You love to draw and make things out of paper. You go through an obscene amount of tape but you build some really impressive, intricate works of art (which your sister promptly destroys because you tend to leave your art on every surface you can find).

You are kind and thoughtful, and have a very strong sense of doing what’s right. You care deeply about your family and your friends.
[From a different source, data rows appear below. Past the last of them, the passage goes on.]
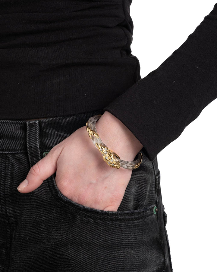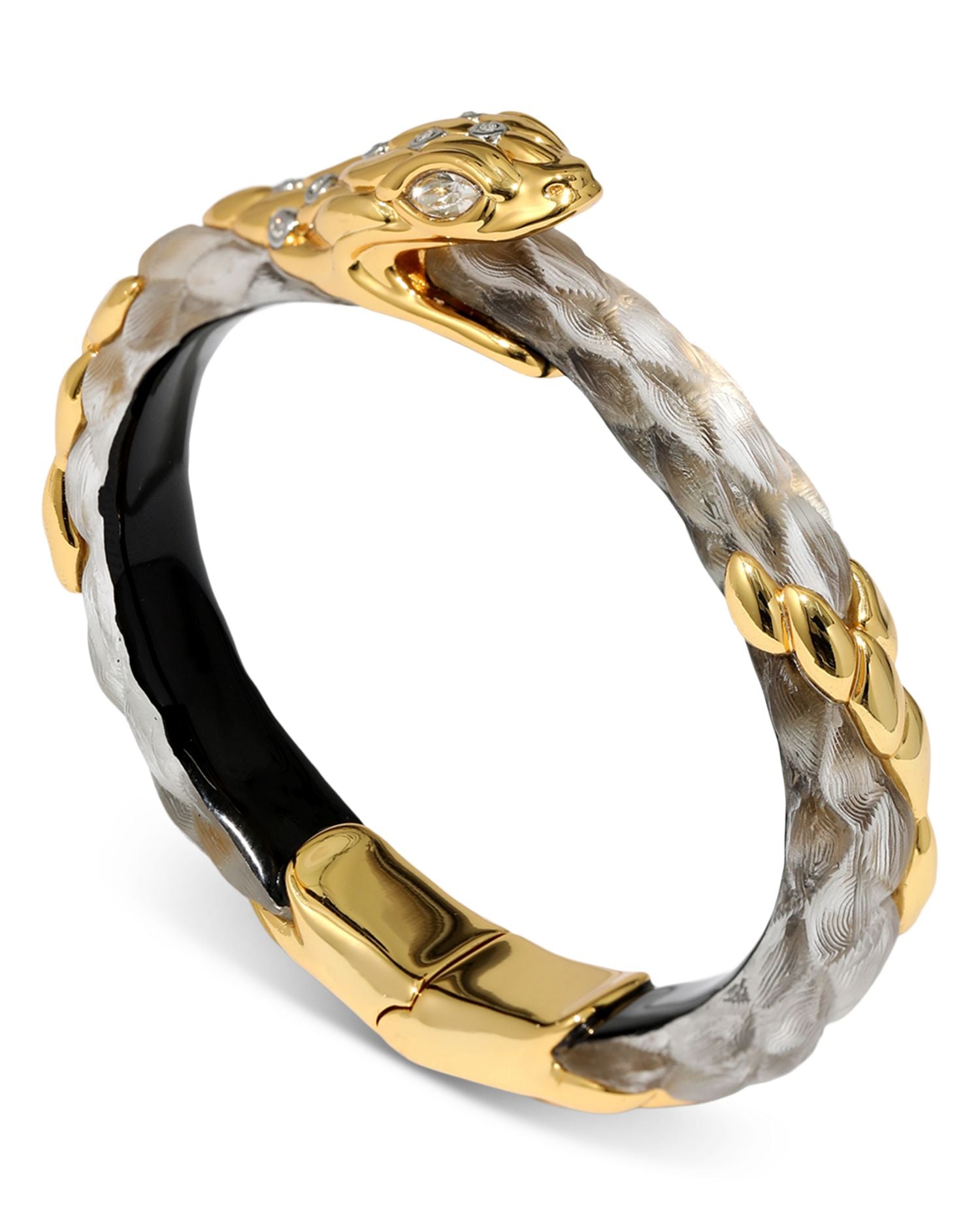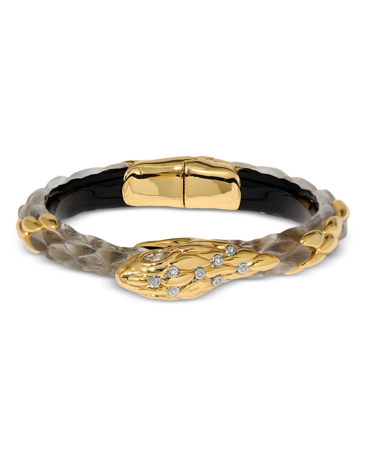 Serpent Pavé & Lucite Snake Bangle Bracelet in 14K Gold Plated
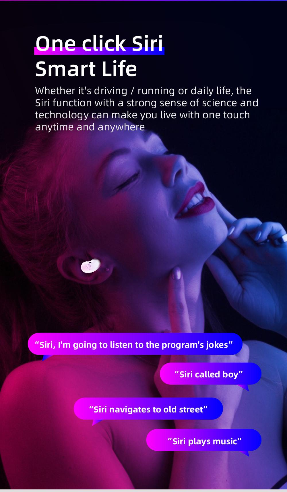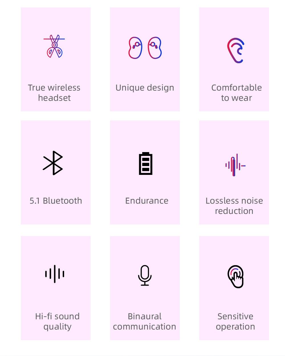Features: Adopt DSP anti-interference chip and BT5.0 chip, fast and stable transmission, low power consumption. High-quality eight-core 13mm speaker unit, good sound quality, comfortable audio experience. CVC intelligent noise reduction technology can automatically reduct environmental
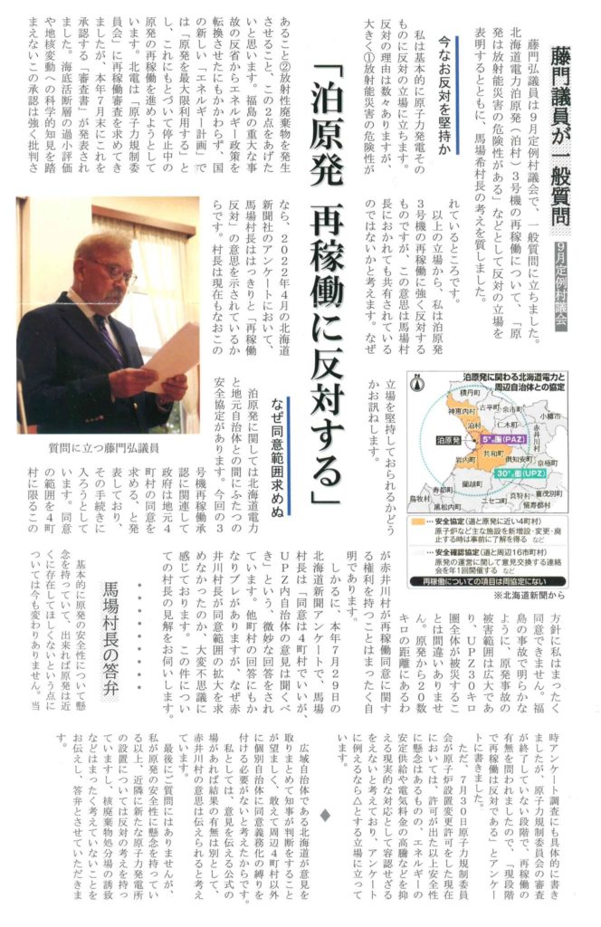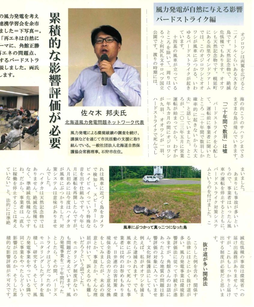 赤井川・余市の会主催、地道な運動が実を結びますように祈ります。

Sometimes I worry that this world will break your sensitive heart, but then I remember you’ve got Poppy to stomp all over anyone who dares to hurt you.

You look out for your sister, even though she’s in a very pinchy / bitey phase right now. You came with us to her most recent allergy appointment and you patiently sat for hours while the doctor ran his tests. You asked if I remembered the Epi-Pen. When you thought Poppy was having a reaction, you offered to go get the doctor. (She was fine but that’s not the point. The point is you’re eight years old and you care about more than yourself. I am so impressed by you.)

At eight years old you are knobby knees and shaggy hair and fart jokes and stuffed animals shoved under the pillow rather than on display and pages and pages of carefully drawn comic book characters and the deepest belly laugh I’ve ever heard. I can’t wait to see what the next year brings.

Grady, it’s your birthday, and I wish I could give you the moon and the stars. You’ve given me so much more.